# July Photo of the Month 2021



## ACinATX (Sep 12, 2018)

I forget if I've used this for another contest already but here it is anyways. Pony likes to make me laugh. Because when he makes me laugh I tend to give him cookies.


----------



## Friesians45 (May 18, 2021)

Ok, Can I post a horse that I had but then sold? Actually it's fine i'll just post that I have.


----------



## Mansery (Jun 7, 2021)

Just a lil story behind it: My two boys went out in the arena for the first time together last Sunday. (Dexter, left, got there only a couple days before) It's like they've known each other forever.


----------



## Friesians45 (May 18, 2021)

Here's mine:
He's so spunky, He loves to run around, and loves treats!


----------



## kewpalace (Jul 17, 2013)

Taken at an draft horse auction ...


----------



## that.queer.equestrian (Jul 9, 2021)

My lovely ottb with her new halter


----------



## Friesians45 (May 18, 2021)

that.queer.equestrian said:


> View attachment 1115438
> 
> My lovely ottb with her new halter


Wow, my favorite breed of horse is a Thoroughbred! She is so pretty! Your so lucky to have her, The new halter is stunning, love the color!


----------



## Friesians45 (May 18, 2021)

kewpalace said:


> Taken at an draft horse auction ...


Beautiful!


----------



## rambo99 (Nov 29, 2016)

Here my boy in the yard today. Came up to deck for a treat.


----------



## Friesians45 (May 18, 2021)

rambo99 said:


> Here my boy in the yard today. Came up to deck for a treat.
> View attachment 1115449


----------



## Cordillera Cowboy (Jun 6, 2014)

About the only way the goodewyfe and I can get a photo of both of us a horseback.


----------



## QtrBel (May 31, 2012)

@Friesians45
This is not a thread for commenting on photos. Please register your vote at the top of the thread.


----------



## Friesians45 (May 18, 2021)

QtrBel said:


> @Friesians45
> This is not a thread for commenting on photos. Please register your vote at the top of the thread.
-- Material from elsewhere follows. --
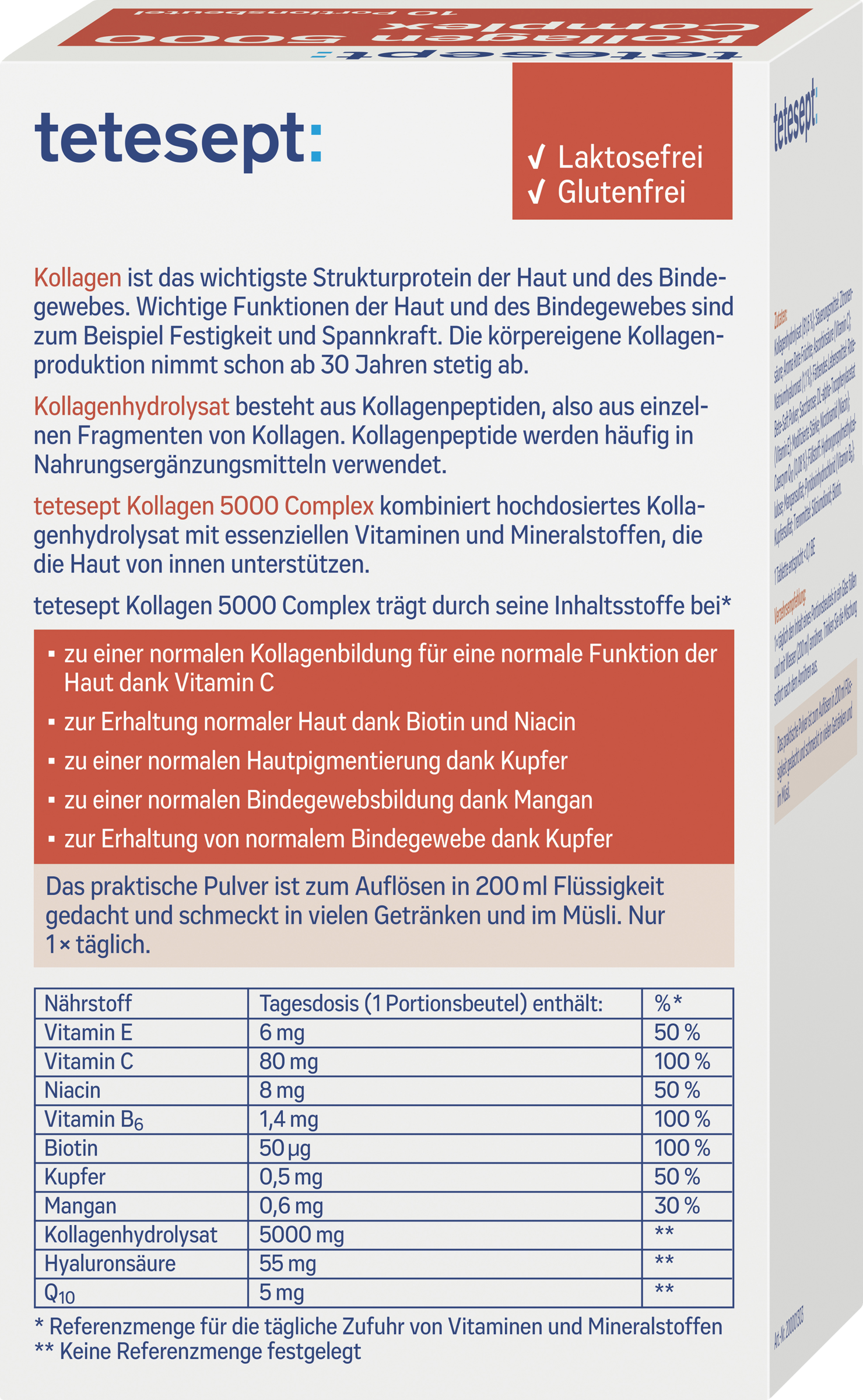 Kollagen ist das wichtigste Strukturprotein der Haut und des Bindegewebes. Wichtige Funktionen der Haut und des Bindegewebes sind zum Beispiel Festigkeit und Spannkraft. Die körpereigene Kollagenproduktion nimmt schon ab 30 Jahren stetig ab. Kollagenhydrolysat besteht aus Kollagenpeptiden, also aus einzelnen Fragmenten von Kollagen. Kollagenpeptide werden häufig in Nahrungsergänzungsmitteln verwendet. tetesept Kollagen 5000 Complex kombiniert hochdosiertes Kollagenhydrolysat mit essenziellen Vitaminen und Mineralstoffen, die die Haut von innen unterstützen.

Sorry.. Can you please delete my post then I don't know how.?


----------



## knightrider (Jun 27, 2014)

Horse Forum friends camping together.


----------



## Zimalia22 (Jun 15, 2021)

My mares heading back out over the hill for the night. This was just a part of them, some had already headed out.


----------



## Animalia (Nov 10, 2019)

"Mist", a Chincoteague pony that lives near me.


----------



## TaMMa89 (Apr 12, 2008)

@Friesians45 :



Friesians45 said:


> Ok, Can I post a horse that I had but then sold? Actually it's fine i'll just post that I have.


Yes you can, if you owned the horse at the time the photo was taken.

And now guys...

The poll has been set up and no new entries will be accepted. You have 15 days for voting from now! Please vote!


----------



## Friesians45 (May 18, 2021)

TaMMa89 said:


> @Friesians45 :
> 
> 
> 
> ...


Ok, so whoever get's the most votes win's, Correct?


----------



## TaMMa89 (Apr 12, 2008)

@Friesians45 : you're right.

OK ladies and fellas, I've removed some sidetrack discussion from that thread. Contest threads are reserved for entries only. If you are interested in sidetrack discussion, here's a thread for it: Official Photo of the Month 2021s Sidetrack Discussion...

Please check the rules (in the opening post) before contributing. Thanks!


----------